*** Opening of Source records ***

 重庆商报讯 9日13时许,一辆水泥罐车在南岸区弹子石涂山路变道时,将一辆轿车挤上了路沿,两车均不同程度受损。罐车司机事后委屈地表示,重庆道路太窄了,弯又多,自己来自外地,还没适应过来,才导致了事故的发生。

*** Close of Source records ***
*** Opening of Source records ***

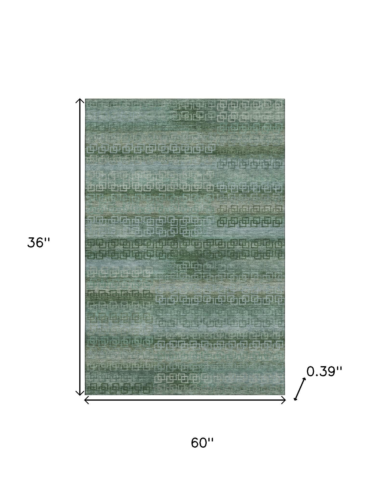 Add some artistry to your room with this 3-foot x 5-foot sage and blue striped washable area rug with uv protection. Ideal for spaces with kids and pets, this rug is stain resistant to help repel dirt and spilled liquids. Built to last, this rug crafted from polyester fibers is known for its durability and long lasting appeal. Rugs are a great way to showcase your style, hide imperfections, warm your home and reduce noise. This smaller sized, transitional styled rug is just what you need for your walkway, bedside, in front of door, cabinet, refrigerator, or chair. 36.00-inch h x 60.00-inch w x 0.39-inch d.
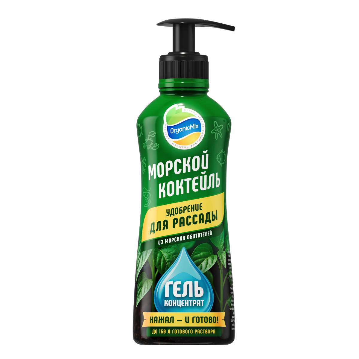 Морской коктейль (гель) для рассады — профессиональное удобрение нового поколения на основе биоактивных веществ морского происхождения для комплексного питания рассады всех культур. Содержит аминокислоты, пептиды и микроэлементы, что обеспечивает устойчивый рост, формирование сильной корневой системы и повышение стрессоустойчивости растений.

*** Close of Source records ***

▶ [Exercise instructions] Nothing but the lines above from the line with "Add some artistry" up to and including the line with "Морской коктейль (гель)" should be returned, exactly as written and without pictures.

▶ [Completed task]
 Add some artistry to your room with this 3-foot x 5-foot sage and blue striped washable area rug with uv protection. Ideal for spaces with kids and pets, this rug is stain resistant to help repel dirt and spilled liquids. Built to last, this rug crafted from polyester fibers is known for its durability and long lasting appeal. Rugs are a great way to showcase your style, hide imperfections, warm your home and reduce noise. This smaller sized, transitional styled rug is just what you need for your walkway, bedside, in front of door, cabinet, refrigerator, or chair. 36.00-inch h x 60.00-inch w x 0.39-inch d.
 Морской коктейль (гель) для рассады — профессиональное удобрение нового поколения на основе биоактивных веществ морского происхождения для комплексного питания рассады всех культур. Содержит аминокислоты, пептиды и микроэлементы, что обеспечивает устойчивый рост, формирование сильной корневой системы и повышение стрессоустойчивости растений.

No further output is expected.